§ **PROBLEM TO WORK ON**:
Reproduce every record below, character by character.

§ **TASK INPUTS**:
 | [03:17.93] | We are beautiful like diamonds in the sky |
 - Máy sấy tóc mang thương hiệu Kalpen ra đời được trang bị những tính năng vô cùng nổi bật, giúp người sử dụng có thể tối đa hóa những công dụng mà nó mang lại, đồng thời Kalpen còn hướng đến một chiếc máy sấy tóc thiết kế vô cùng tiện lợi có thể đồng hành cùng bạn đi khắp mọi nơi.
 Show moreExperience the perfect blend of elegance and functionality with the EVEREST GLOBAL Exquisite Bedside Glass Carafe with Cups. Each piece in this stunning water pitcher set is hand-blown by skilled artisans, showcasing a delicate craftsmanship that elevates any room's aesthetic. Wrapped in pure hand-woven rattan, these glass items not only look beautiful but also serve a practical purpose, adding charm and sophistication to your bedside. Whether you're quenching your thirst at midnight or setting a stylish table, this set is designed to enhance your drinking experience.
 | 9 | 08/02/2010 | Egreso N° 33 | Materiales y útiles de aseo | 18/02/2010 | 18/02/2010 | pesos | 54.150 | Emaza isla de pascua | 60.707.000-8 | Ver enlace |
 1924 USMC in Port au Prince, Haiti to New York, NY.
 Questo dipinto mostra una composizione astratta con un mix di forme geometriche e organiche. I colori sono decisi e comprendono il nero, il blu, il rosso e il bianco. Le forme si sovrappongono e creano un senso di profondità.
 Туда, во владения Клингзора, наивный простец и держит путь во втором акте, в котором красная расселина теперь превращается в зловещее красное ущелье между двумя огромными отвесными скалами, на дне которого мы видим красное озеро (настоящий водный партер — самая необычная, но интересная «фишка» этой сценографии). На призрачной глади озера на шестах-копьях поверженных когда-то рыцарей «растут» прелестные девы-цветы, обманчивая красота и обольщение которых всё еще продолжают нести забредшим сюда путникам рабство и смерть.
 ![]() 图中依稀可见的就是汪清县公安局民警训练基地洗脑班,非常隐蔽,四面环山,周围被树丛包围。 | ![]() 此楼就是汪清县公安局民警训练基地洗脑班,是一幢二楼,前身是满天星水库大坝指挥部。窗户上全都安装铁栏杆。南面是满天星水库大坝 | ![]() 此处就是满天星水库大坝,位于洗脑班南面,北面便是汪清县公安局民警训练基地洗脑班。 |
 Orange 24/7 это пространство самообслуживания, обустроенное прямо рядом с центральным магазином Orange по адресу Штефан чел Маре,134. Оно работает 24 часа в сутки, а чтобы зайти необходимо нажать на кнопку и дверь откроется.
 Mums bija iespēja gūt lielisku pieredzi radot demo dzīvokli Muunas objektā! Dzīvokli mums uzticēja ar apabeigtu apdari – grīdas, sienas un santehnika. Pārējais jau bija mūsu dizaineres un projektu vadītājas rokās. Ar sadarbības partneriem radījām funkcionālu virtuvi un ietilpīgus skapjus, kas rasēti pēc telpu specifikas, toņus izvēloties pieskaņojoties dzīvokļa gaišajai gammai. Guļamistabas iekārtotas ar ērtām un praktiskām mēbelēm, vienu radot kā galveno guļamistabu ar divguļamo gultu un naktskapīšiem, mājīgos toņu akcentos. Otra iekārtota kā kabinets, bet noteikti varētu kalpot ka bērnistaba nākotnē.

§ **EXERCISE ANSWER**:
 | [03:17.93] | We are beautiful like diamonds in the sky |
 - Máy sấy tóc mang thương hiệu Kalpen ra đời được trang bị những tính năng vô cùng nổi bật, giúp người sử dụng có thể tối đa hóa những công dụng mà nó mang lại, đồng thời Kalpen còn hướng đến một chiếc máy sấy tóc thiết kế vô cùng tiện lợi có thể đồng hành cùng bạn đi khắp mọi nơi.
 Show moreExperience the perfect blend of elegance and functionality with the EVEREST GLOBAL Exquisite Bedside Glass Carafe with Cups. Each piece in this stunning water pitcher set is hand-blown by skilled artisans, showcasing a delicate craftsmanship that elevates any room's aesthetic. Wrapped in pure hand-woven rattan, these glass items not only look beautiful but also serve a practical purpose, adding charm and sophistication to your bedside. Whether you're quenching your thirst at midnight or setting a stylish table, this set is designed to enhance your drinking experience.
 | 9 | 08/02/2010 | Egreso N° 33 | Materiales y útiles de aseo | 18/02/2010 | 18/02/2010 | pesos | 54.150 | Emaza isla de pascua | 60.707.000-8 | Ver enlace |
 1924 USMC in Port au Prince, Haiti to New York, NY.
 Questo dipinto mostra una composizione astratta con un mix di forme geometriche e organiche. I colori sono decisi e comprendono il nero, il blu, il rosso e il bianco. Le forme si sovrappongono e creano un senso di profondità.
 Туда, во владения Клингзора, наивный простец и держит путь во втором акте, в котором красная расселина теперь превращается в зловещее красное ущелье между двумя огромными отвесными скалами, на дне которого мы видим красное озеро (настоящий водный партер — самая необычная, но интересная «фишка» этой сценографии). На призрачной глади озера на шестах-копьях поверженных когда-то рыцарей «растут» прелестные девы-цветы, обманчивая красота и обольщение которых всё еще продолжают нести забредшим сюда путникам рабство и смерть.
 ![]() 图中依稀可见的就是汪清县公安局民警训练基地洗脑班,非常隐蔽,四面环山,周围被树丛包围。 | ![]() 此楼就是汪清县公安局民警训练基地洗脑班,是一幢二楼,前身是满天星水库大坝指挥部。窗户上全都安装铁栏杆。南面是满天星水库大坝 | ![]() 此处就是满天星水库大坝,位于洗脑班南面,北面便是汪清县公安局民警训练基地洗脑班。 |
 Orange 24/7 это пространство самообслуживания, обустроенное прямо рядом с центральным магазином Orange по адресу Штефан чел Маре,134. Оно работает 24 часа в сутки, а чтобы зайти необходимо нажать на кнопку и дверь откроется.
 Mums bija iespēja gūt lielisku pieredzi radot demo dzīvokli Muunas objektā! Dzīvokli mums uzticēja ar apabeigtu apdari – grīdas, sienas un santehnika. Pārējais jau bija mūsu dizaineres un projektu vadītājas rokās. Ar sadarbības partneriem radījām funkcionālu virtuvi un ietilpīgus skapjus, kas rasēti pēc telpu specifikas, toņus izvēloties pieskaņojoties dzīvokļa gaišajai gammai. Guļamistabas iekārtotas ar ērtām un praktiskām mēbelēm, vienu radot kā galveno guļamistabu ar divguļamo gultu un naktskapīšiem, mājīgos toņu akcentos. Otra iekārtota kā kabinets, bet noteikti varētu kalpot ka bērnistaba nākotnē.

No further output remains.